Trade-offs and limitations

A short DNS TTL isn't free, and I won't pretend it is.

More DNS queries. Dropping JVM cache to 30s means roughly 120x more lookups per hour per host than the old "resolve once" behaviour. For us that's noise against a Route 53 resolver, but if you're doing thousands of resolutions a second you'll want to check your resolver isn't the new bottleneck.

30s is still 30s. This shortens the failover window, it doesn't remove it. For a true hot failover you need connection-level health checks and active draining, not just DNS. We treat DNS as the coarse knob and deregistration delay as the fine one.

Negative caching tradeoff. A 5-second negative TTL means a brief DNS hiccup gets retried fast, but it also means a genuinely down name gets queried more aggressively. Fine for internal services, worth a second look if you're resolving something rate-limited.
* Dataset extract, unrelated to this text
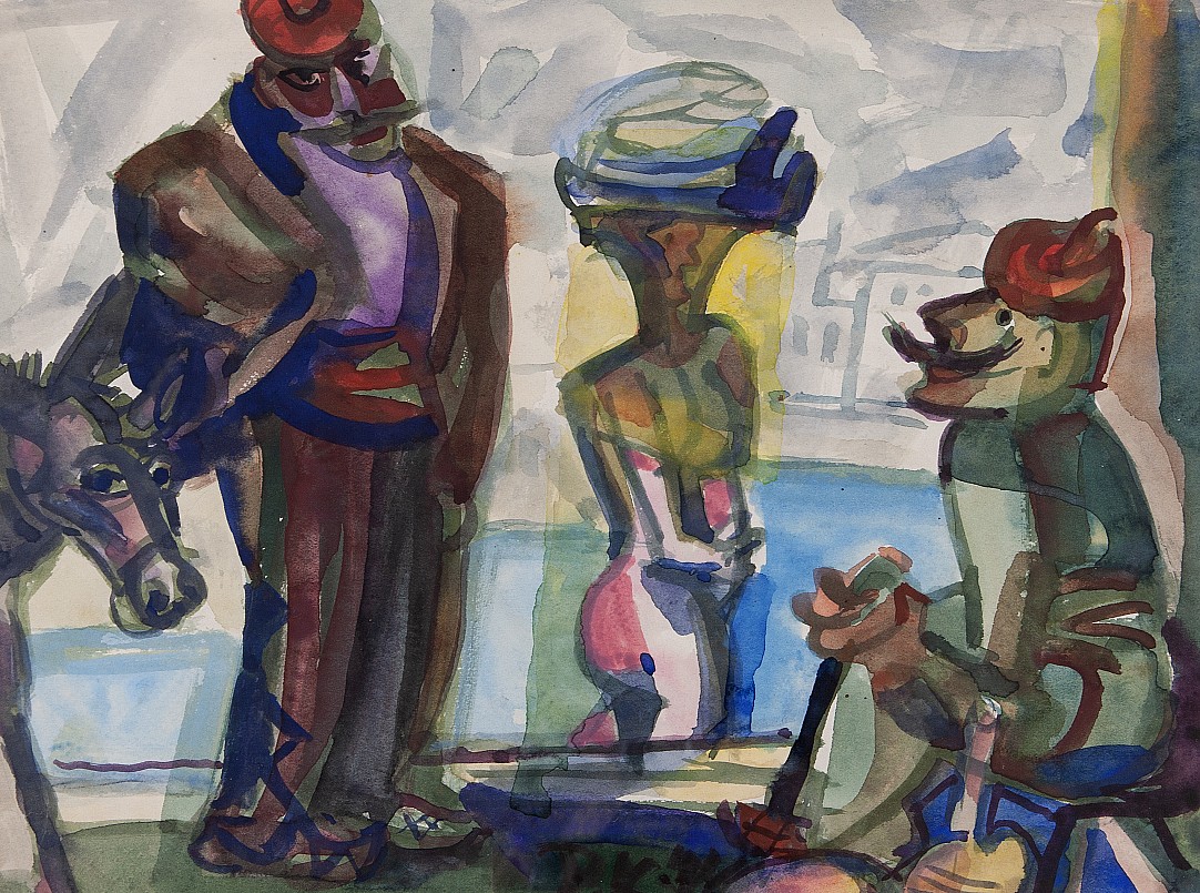akvarel, papír, 1974, 20,5 x 26,5 cm, DU monogr. P.K., rám, the disciple of prof. E. Dite, K. V. Masek and J. Schikaneder at The Academy of Arts, Architecture and Design in Prague, member of The Manes Association of Fine Artists, The Umelecka beseda and The Social group Ho-Ho-Ko-Ko

It's per-runtime. There's no single switch. The JVM fix does nothing for a Go binary, and the Go default did nothing wrong here. You have to know each runtime's behaviour, which is exactly the gap that caused this.

What I'd tell past me

Test the failover, not the failover system. We had a lovely runbook for swapping NLBs and zero tests for what the clients actually did when we swapped. "Never had a DNS issue" just meant we'd never drained a load balancer with a JVM watching.

Next game day, we're killing an NLB on purpose and watching every runtime re-resolve. If something caches forever, I'd rather find out at 2pm on a Tuesday than during a real migration.